***** Supplied data *****

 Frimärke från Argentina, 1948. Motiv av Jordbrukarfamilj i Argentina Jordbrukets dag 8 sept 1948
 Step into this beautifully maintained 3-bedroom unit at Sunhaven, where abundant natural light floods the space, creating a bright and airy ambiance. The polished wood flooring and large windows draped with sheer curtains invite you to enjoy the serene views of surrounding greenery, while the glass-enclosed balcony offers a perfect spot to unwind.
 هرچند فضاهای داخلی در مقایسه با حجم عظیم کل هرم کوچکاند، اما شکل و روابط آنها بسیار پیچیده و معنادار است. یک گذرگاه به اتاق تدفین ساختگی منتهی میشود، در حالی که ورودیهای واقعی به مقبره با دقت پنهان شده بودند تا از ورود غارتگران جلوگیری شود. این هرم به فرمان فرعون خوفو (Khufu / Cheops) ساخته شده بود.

*****
***** Supplied data *****

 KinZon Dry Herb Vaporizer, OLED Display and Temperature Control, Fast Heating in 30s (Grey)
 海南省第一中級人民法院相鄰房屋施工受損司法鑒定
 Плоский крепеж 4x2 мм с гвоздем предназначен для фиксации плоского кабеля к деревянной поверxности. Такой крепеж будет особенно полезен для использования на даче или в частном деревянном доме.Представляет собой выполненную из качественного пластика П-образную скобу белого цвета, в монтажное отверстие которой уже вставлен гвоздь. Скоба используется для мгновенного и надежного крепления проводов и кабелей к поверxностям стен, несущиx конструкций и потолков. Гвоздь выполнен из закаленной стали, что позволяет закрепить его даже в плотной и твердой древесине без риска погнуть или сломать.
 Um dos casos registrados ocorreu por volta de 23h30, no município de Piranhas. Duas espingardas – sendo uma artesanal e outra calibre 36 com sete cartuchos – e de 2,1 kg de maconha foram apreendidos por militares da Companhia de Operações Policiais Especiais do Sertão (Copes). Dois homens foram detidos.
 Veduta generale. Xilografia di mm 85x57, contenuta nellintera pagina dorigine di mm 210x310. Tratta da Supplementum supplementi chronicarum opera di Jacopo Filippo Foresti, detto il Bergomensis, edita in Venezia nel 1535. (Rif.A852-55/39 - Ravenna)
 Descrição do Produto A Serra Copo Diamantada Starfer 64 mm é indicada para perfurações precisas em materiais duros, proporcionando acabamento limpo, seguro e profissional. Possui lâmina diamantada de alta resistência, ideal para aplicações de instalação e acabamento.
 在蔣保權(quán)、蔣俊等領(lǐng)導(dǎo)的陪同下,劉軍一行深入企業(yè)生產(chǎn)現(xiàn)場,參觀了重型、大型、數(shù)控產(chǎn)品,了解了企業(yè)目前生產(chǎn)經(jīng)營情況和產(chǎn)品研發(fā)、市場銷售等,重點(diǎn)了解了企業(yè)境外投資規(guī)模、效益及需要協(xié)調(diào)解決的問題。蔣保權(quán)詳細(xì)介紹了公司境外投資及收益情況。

*****

» **Your objective**
Please give back exactly the lines of the listing above that run from the one containing "Frimärke från Argentina, 1948." through the one containing "هرچند فضاهای داخلی", and only those.

» **Answer section**
 Frimärke från Argentina, 1948. Motiv av Jordbrukarfamilj i Argentina Jordbrukets dag 8 sept 1948
 Step into this beautifully maintained 3-bedroom unit at Sunhaven, where abundant natural light floods the space, creating a bright and airy ambiance. The polished wood flooring and large windows draped with sheer curtains invite you to enjoy the serene views of surrounding greenery, while the glass-enclosed balcony offers a perfect spot to unwind.
 هرچند فضاهای داخلی در مقایسه با حجم عظیم کل هرم کوچکاند، اما شکل و روابط آنها بسیار پیچیده و معنادار است. یک گذرگاه به اتاق تدفین ساختگی منتهی میشود، در حالی که ورودیهای واقعی به مقبره با دقت پنهان شده بودند تا از ورود غارتگران جلوگیری شود. این هرم به فرمان فرعون خوفو (Khufu / Cheops) ساخته شده بود.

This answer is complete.